Les trois ordres chez Pascal.
Nous disions que le système sportif est composé de sous-ensembles – finance, réglementation,
éthique – dont on suppose qu’ils sont indépendants. Cette idée reprend la notion des trois
ordres pascaliens considérés eux-aussi comme indépendants et donc source de
disfonctionnement quand on pense que c’est l’éthique qui doit gouverner la totalité.
Pascal distingue trois ordres:
- la justice, le cœur et la charité qui représente l’ordre de l’éthique,
- la puissance et la force qui représente l’ordre du politique,
- la vérité qui représente l’ordre de l’esprit et de la raison,
Pascal fait le constat que si on sort du caractère indépendant de ces trois ordres on risque le
ridicule ou la tyrannie. On ne peut imposer l’amour, par exemple, ni par la loi, ni par la
raison. On ne peut imposer la vérité, ni par la politique, ni par amour. Autrement dit, pour lui,
la science, la politique et la charité sont définitivement scindées.
Sur le même modèle on peut considérer que le sport de haut niveau comporte trois ordres :
1- L’ordre éthique du sport :
• Les valeurs universelles de l’Olympisme
• Le pacifisme, la fraternité, le respect de l’autre, la solidarité, l’amitié
• But de cet ordre : considérer l’autre comme un « prochain », porteur de tous les
traits caractéristiques de l’humain dans l’homme.
2- L’ordre politique de la réglementation sociale et culturelle du sport :
• Les règles du jeu, le respect de la règle (le fair-play)
• Les réglementations nationales et internationales
• But de cet ordre : vaincre l’adversaire (parfois en lui faisant mal, physiquement
ou psychologiquement).
3- L’ordre médiatico-économique du sport :
• La collusion médiatico-économique : sponsoring, image et profit
• But de cet ordre : faire du profit en instrumentalisant l’athlète.

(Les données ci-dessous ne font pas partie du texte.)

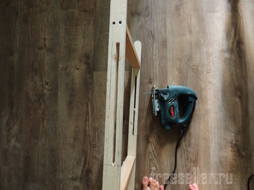 Далее на вертикальных планках сделал прорези, от поперечной планки до поперечной, на фото немного не так, так как переделывал.

On constate que l’ordre 2 et l’ordre 3 reposent sur des logiques qui entrent en contradiction
avec l’ordre 1. Car si l’ordre éthique est celui de la générosité, du respect de l’autre (le
« prochain » au sens religieux du terme) et de l’altruisme, les deux autres sont mus
essentiellement par une logique de la rivalité et de la victoire (ordre 2) et une logique du profit
(ordre 3).
Actuellement on constate que c’est l’ordre 3 (médiatico-économique) qui exerce la plus forte
pression sur les deux autres. Bref, c’est l’argent qui semble régner sur le sport. Peut-on
renverser l’ordre des prévalences et donner à l’éthique le rôle directeur ?
Peut-il y avoir un « pilotage » éthique du système sportif ?
• Trop d’éthique dans la réglementation du sport détruit son principe d’existence : la
rivalité, le record, la prouesse, le spectacle. L’adversaire n’est pas le « prochain », il
faut le vaincre.
• Trop d’éthique dans l’économie du sport est un contresens : le client n’est pas le
« prochain » il est celui qui doit acheter le produit sportif (images, vêtements, athlètes,
produits légaux ou illégaux de l’entraînement etc…).
Par contre :
• Pas suffisamment d’éthique (trop de triche, trop de « business », trop d’atteintes à
l’intégrité physique) décrédibilise le sport et risque de l’anéantir.
Quelles solutions ?
• Réduire l’éthique à la « réglementation » et accentuer les sanctions pour les
contrevenants ? Dans ce cas il faut continuer à accepter la plupart des violences
générées par le sport (physiques et psychologiques).